A number of Medicare HMOs pulled out of markets this year because providers refused to deal with them, not because HCFA was paying them poorly.
That's what an expert panel told members of the Medicare Payment Advisory Commission at its meeting last week in Washington.
After years of consolidation in many markets, hospitals and large medical groups can confidently walk away from Medicare HMOs' offers if the money isn't right.
"Plans are in a weaker negotiating position," said Marsha Gold, a senior fellow at Plainsboro, N.J.-based Mathmatica Policy Research, who interviewed health plan officers for the report to MedPAC.
Historically, Medicare fee-for-service payments are richer than Medicare managed-care payments, just as traditional insurance pays providers better than commercial managed care.

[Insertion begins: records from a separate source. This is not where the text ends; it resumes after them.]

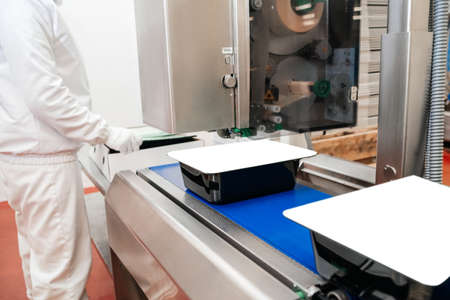 People working.Chicken fillet production line.Production process, packaging on the conveyor line of meat in boxes.Conveyor Belt Food.Automated production line in modern food factory.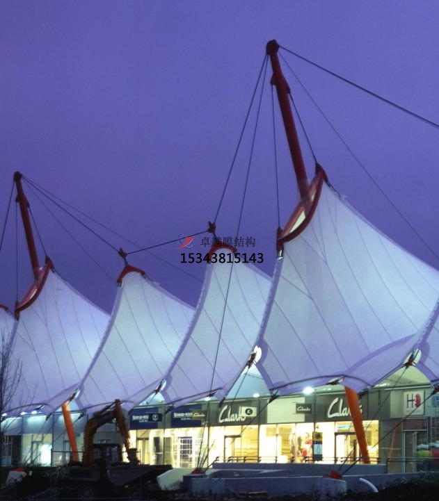 2、 透光性:透光性是現(xiàn)代膜結(jié)構(gòu)更被廣泛認(rèn)可的特性之一。膜材的透光性可以為建筑提供所需的照度,這對于建筑節(jié)能十分重要。對于一些要求光照多且亮度高的商業(yè)建筑等尤為重要。通過自然采光與人工采光的綜合利用,膜材透光性可為建筑設(shè)計提供更大的美學(xué)創(chuàng)作空間。夜晚,透光性將膜結(jié)構(gòu)變成了光的雕塑。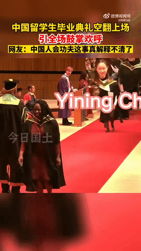Một nữ sinh Trung Quốc du học tại Anh đã khiến các bạn học và giáo viên nước ngoài kinh ngạc khi thực hiện động tác lật người ăn mừng "bất chấp trọng lực" tại lễ tốt nghiệp.
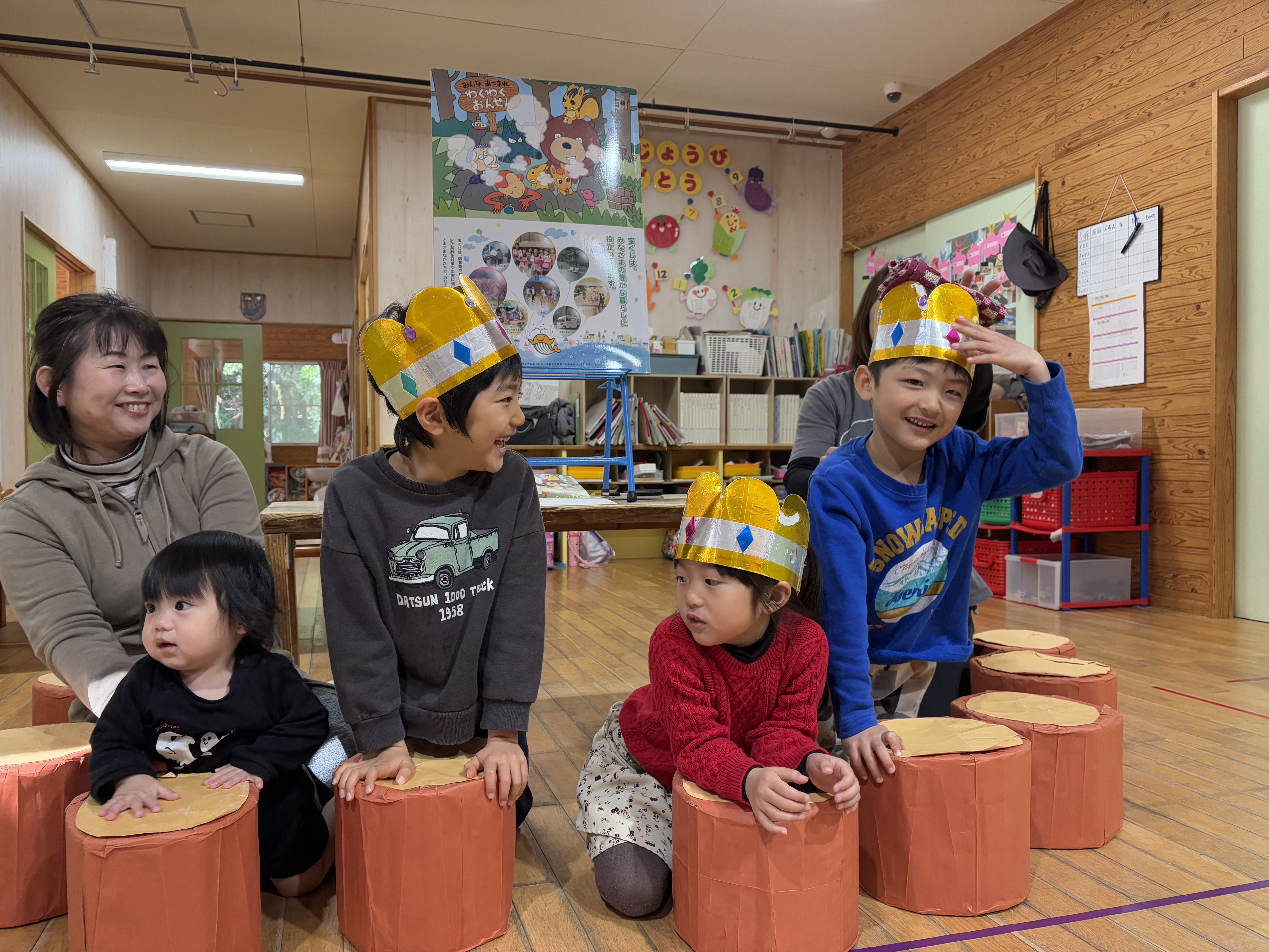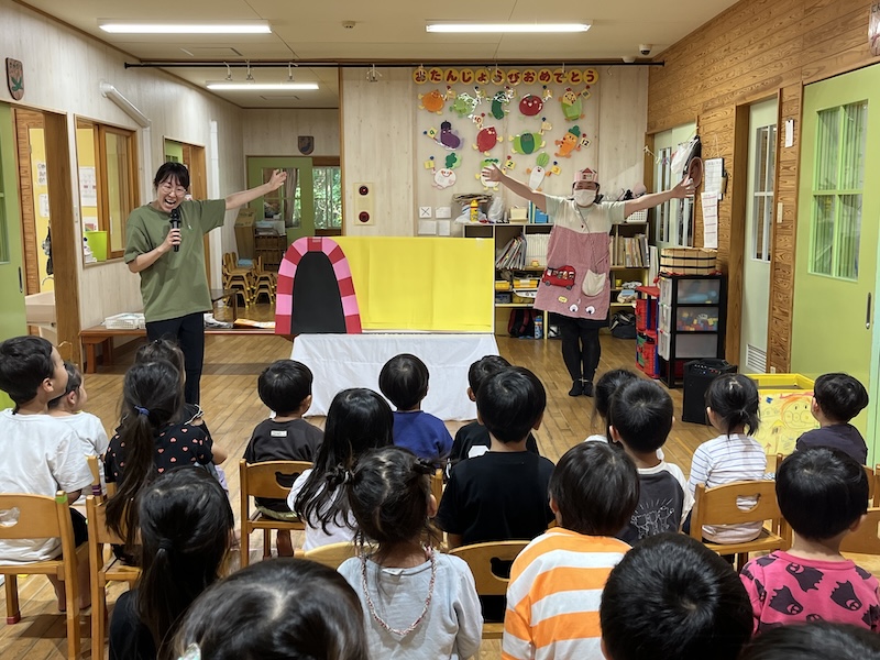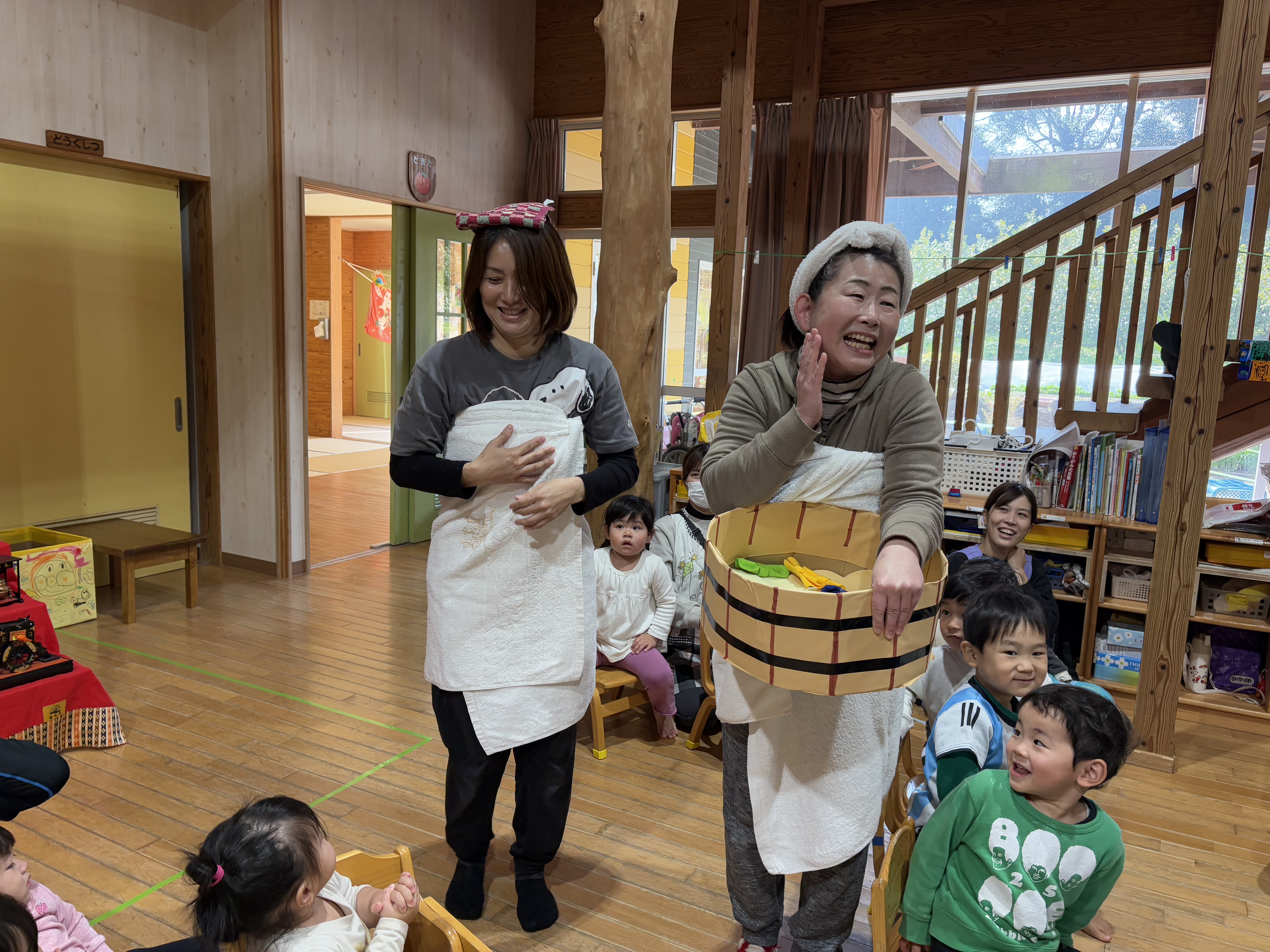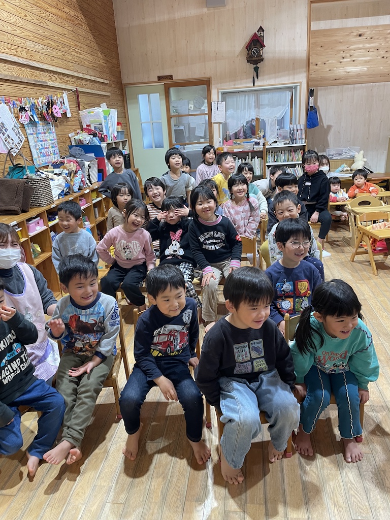 今月は4名のお友達がお誕生日でした(^^♪とまと組のお友達も保育士と一緒に歩いて入場!!とってもかわいい入場にみんな笑顔になりました!だいこん組、きゃべつ組のお友達は自己紹介もバッチリ( *´艸`)さすがです!先生たちからのプレゼンとは『わくわくおんせん』の大型絵本。絵本を楽しんだ後には、温泉を探す2人(保育士)が登場…みんな大盛り上がりでしたよ( *´艸`)2月のお誕生日のお友達も温泉に入り、ポカポカに温まった誕生会となりました☆2月生まれのお友達!!お誕生日おめでとう!これからも元気にのびのび大きくなってね(^^♪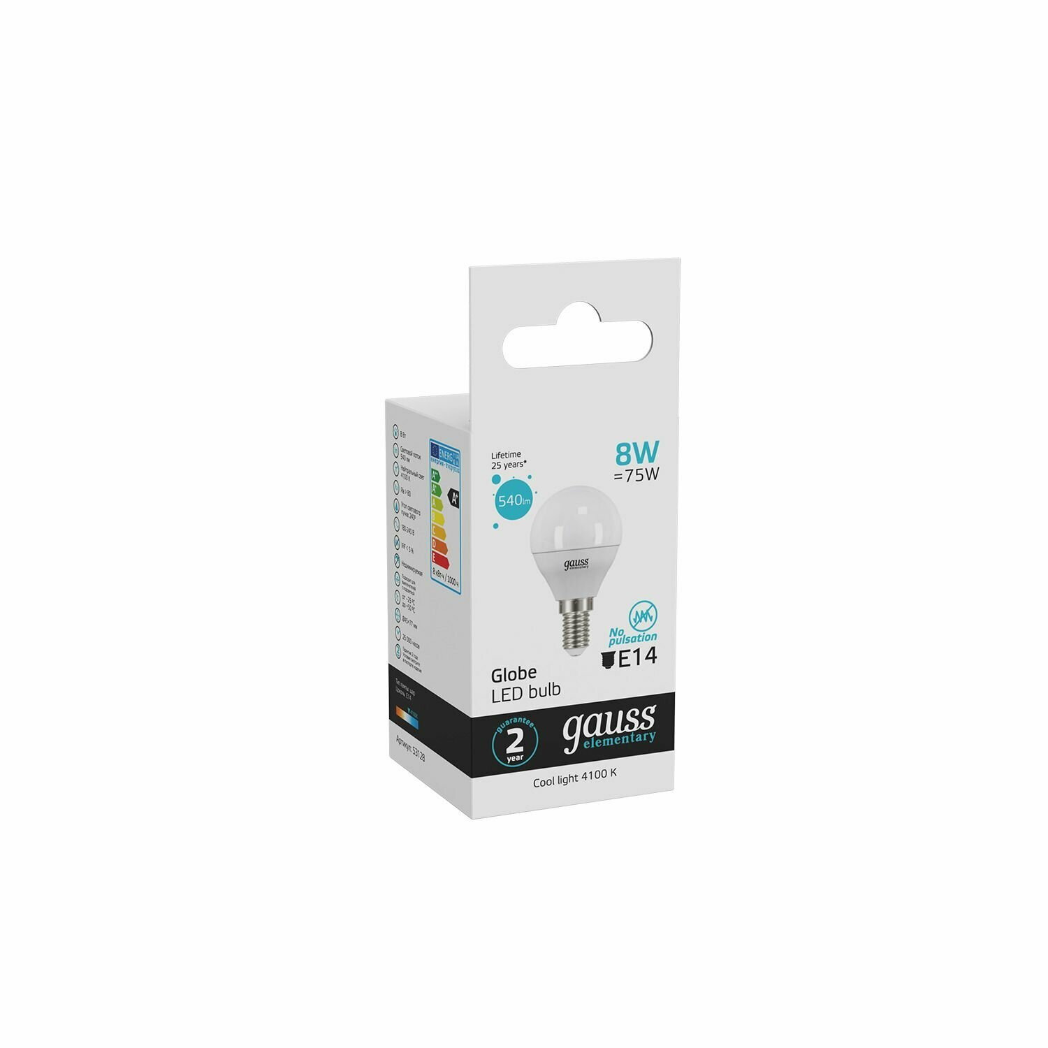 (5 шт)Лампа Gauss Elementary Шар 8W 540lm 4100K Е14 LED 1/10/100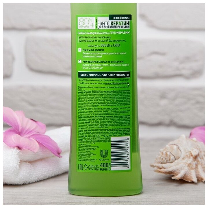Чистая Линия шампунь объем и сила для тонких и ослабленных волос с экстрактами льна и пшеницы, 400 мл

"Providers have the option of reverting to fee-for-service Medicare, and some are saying to plans, 'We want out,' " said Robert Hurley, an associate professor at the Medical College of Virginia at Virginia Commonwealth University in Richmond. "In some markets where there used to be more contracting entities, there's now only one. The providers are locking arms and saying no (to Medicare HMOs)."
George Strumpf, senior vice president for legislative affairs at the Alliance of Community Health Plans, a group of not-for-profit HMOs, said such incidents are anecdotal.
"It's not a widespread phenomenon," Strumpf said. "It is happening in some markets, and the rationale is easy to understand: There's just not enough money on the table to meet the demands of health plans and the providers they contract with."
At a time when providers are facing Medicare payment reductions, Medicare managed care is generally not welcome. Providers in the Northeast have gone as far as to publicly campaign in favor of traditional Medicare fee-for-service coverage (May 31, p. 8).